As Americans became more and more obsessed with youth and beauty, we led the way with organized industry in the production of costly cosmetics. Theron T. Ponds offered his ''Ponds Extract'' to the public and other manufacturers soon fell in line. The innovative use of preservatives and mass production created an unprecedented choice, and the rest is well, history.

Today's commercial products are often expensive, having vast amounts of money spent on advertising, packaging, distribution and testing which many times includes cruelty to animals.
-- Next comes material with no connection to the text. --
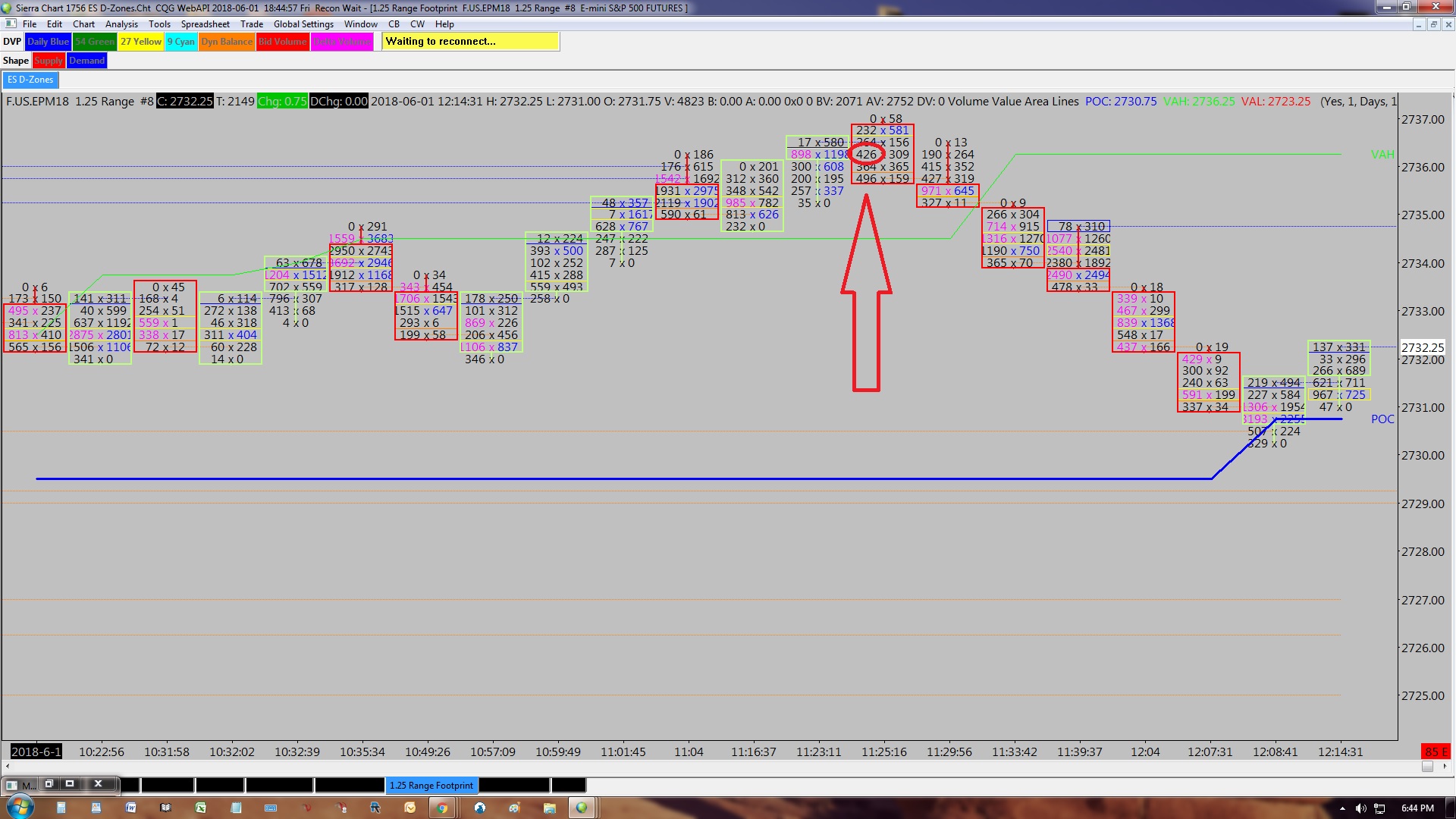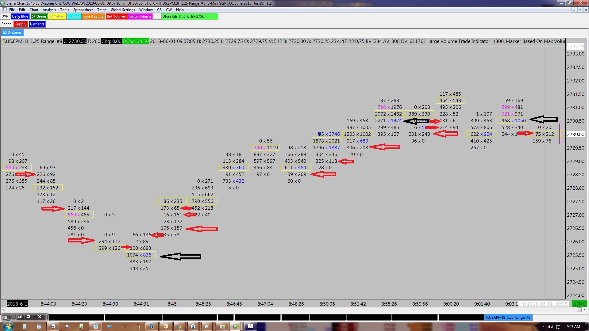 Ok, I think it is simply idea but maybe not so simple to implement On a ES chart. Using a 5 range bar chart. Condition: The previous bar closed down. Then on the next bar, (up bar) the ASK volume is 3 times greater that the bid volume, the ask text colour will be highlighted BLUE. The reverse for an BID colour. The previous bar closed up. Then on the next bar, (down bar) the bid volume is 3 times greater that the ask volume, the bid text colour will be highlighted RED. I would like to put this together with a condition: that this will only occur - if the range bar CROSSFROMABOVE the daily VAL for a blue text highlight and - if the range bar CROSSFROMBELOW the daily VAH for a RED text highlight I hope this makes sense. I attached a screenshot for a reverse for an BID colour. The previous bar closed up. Then on the next bar, (down bar) the bid volume is 3 times greater that the ask volume, the bid text colour will be highlighted RED. Regards, Daniel Date Time Of Last Edit: 2018-06-02 00:48:10

As we consumers become more aware of our health, including our skin, the demand has risen for more natural ingredients and alternatives to the chemically-laden potions on the shelves.

Most of us are not into making our own cosmetics -- as it can be time consuming (although rewarding) -- so here are a few things to keep in mind the next time you're looking for cosmetics and other beauty preparations.

Cosmetics containing petroleum jelly are not good for any kind of skin type They may seal the skin against dirt or grime, but they also attract it. It also seals the skin against moisture that is naturally absorbed from moistened air, or from the ingredients that were combined with it to moisturize.

The kind of oil used is important; almond, avocado, wheatgerm, carrot, coconut and nut kernel oils are particularly skin enriching. Castor oil disperses in water, making it a good vehicle for scented bath oils. Lanolin, a thick, sticky fat obtained from sheep's wool, softens and nourishes the skin.

Another common ingredient seen in cosmetics that is good for the skin is honey. It softens, heals and binds ingredients together. Vinegar is used to soften, cleanse and soothe the skin. Natural astringents such as rose, nettle, and witch hazel can give the skin a clean smooth feeling. Lemon, chamomile, cucumber and lavender all have soothing properties that heal and soothe.

Working with more natural potions for your skin care can be fun and very healing. The skin not only has the ability to excrete, but to absorb, so whatever you put on our skin can be absorbed into the body. Remember, too, that skin health and beauty will come more naturally if you choose a diet of healthy whole foods, pure water and air.